**PROBLEM TO WORK ON**: Copy, please, the line with "Strichcode auf einem Anschreiben" and each line that follows it through the end of the data below, exactly as given and without pictures.

**DATA EXCERPT**:
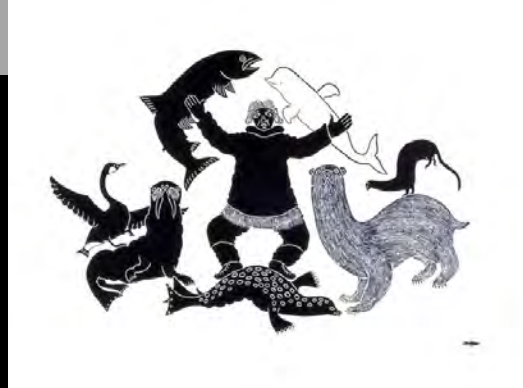
« Voyez ce que je vois quand je n'ai pas de harpon » 1973
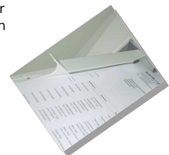
Strichcode auf einem Anschreiben
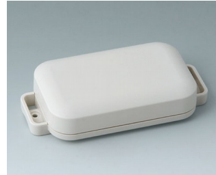
C3206107 EASYTEC 100 ASA+PC (UL 94 V-0) grauweiß RAL 9002 121x62x26mm IP 65 opt., IP 40
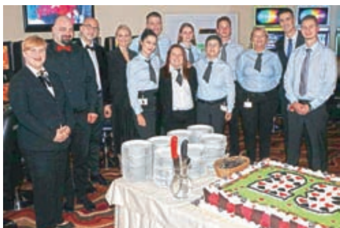
Brez rojstnodnevne torte seveda ni šlo

**ANSWER SPACE**:
Strichcode auf einem Anschreiben
C3206107 EASYTEC 100 ASA+PC (UL 94 V-0) grauweiß RAL 9002 121x62x26mm IP 65 opt., IP 40
Brez rojstnodnevne torte seveda ni šlo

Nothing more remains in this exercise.